▶ _Given material_:
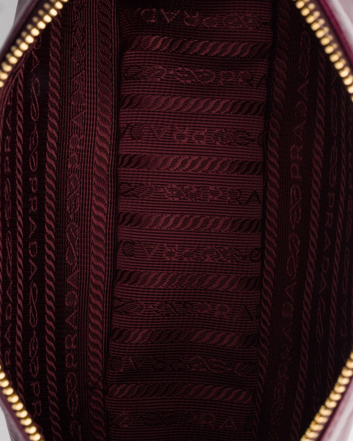 Reedición de un estilo icónico de 2002, este bolso de hombro resume los códigos de Prada en una silueta versátil y refinada que establece un diálogo entre el lenguaje estilístico del pasado y el presente. Fabricado en piel con un refinado acabado brillante, este sofisticado y minimalista accesorio puede llevarse tanto de día como de noche gracias a su elegante asa de cadena extraíble. Adornado con herrajes metálicos, el diseño se completa con el llavero de piel y el logotipo triangular de metal esmaltado.
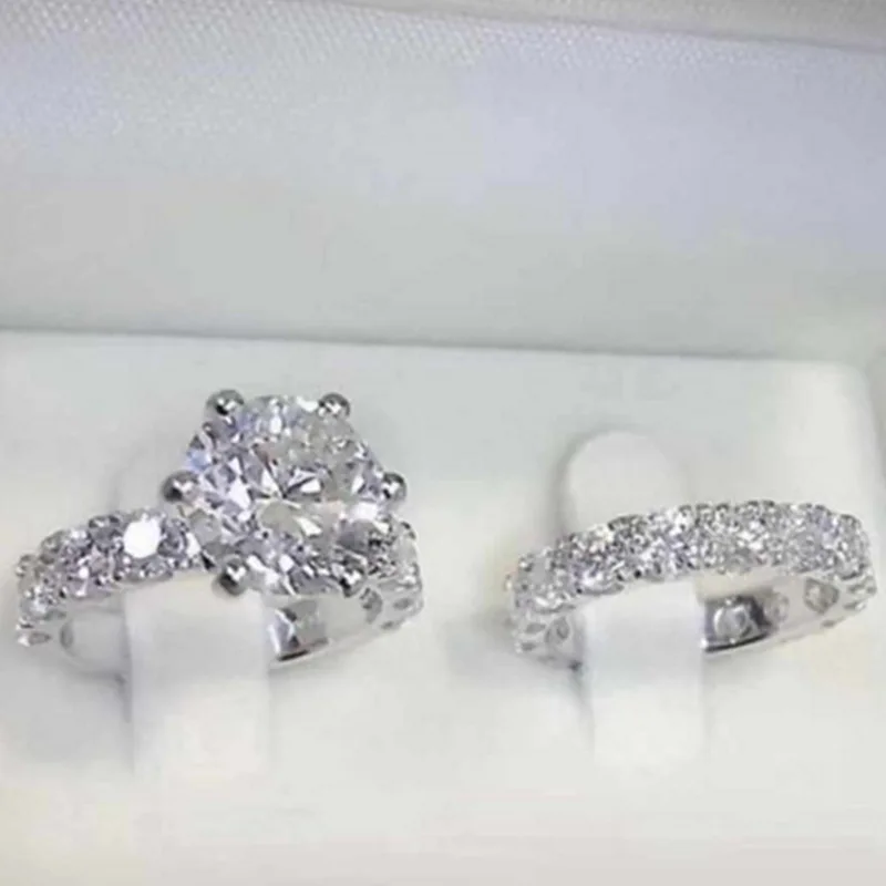 2 шт.компл. женские Свадебные обручальные кольца серебряного цвета стильные классические ювелирные изделия с белым кристаллом Стразы из циркония
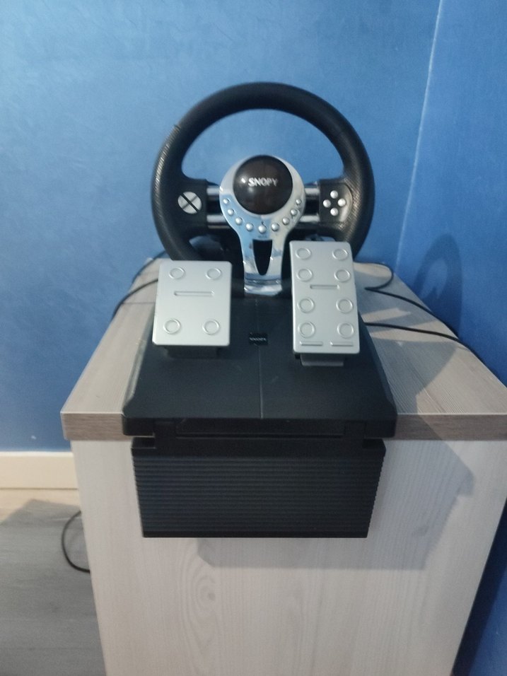 Snopy marka koyu gri renkli oyun direksiyonu ve pedalları, sürüş oyunları için uygun bir settir.
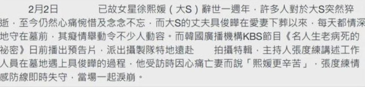 而且,韩综已经放出预告,把具俊晔在墓地,痴情守护大S的日常录制成节目。

▶ _Your instructions_:
Without the pictures, retype exactly the lines from the one that holds "2 шт.компл. женские" to the last line of the data above, both of them included.

▶ _Task result_:
 2 шт.компл. женские Свадебные обручальные кольца серебряного цвета стильные классические ювелирные изделия с белым кристаллом Стразы из циркония
 Snopy marka koyu gri renkli oyun direksiyonu ve pedalları, sürüş oyunları için uygun bir settir.
 而且,韩综已经放出预告,把具俊晔在墓地,痴情守护大S的日常录制成节目。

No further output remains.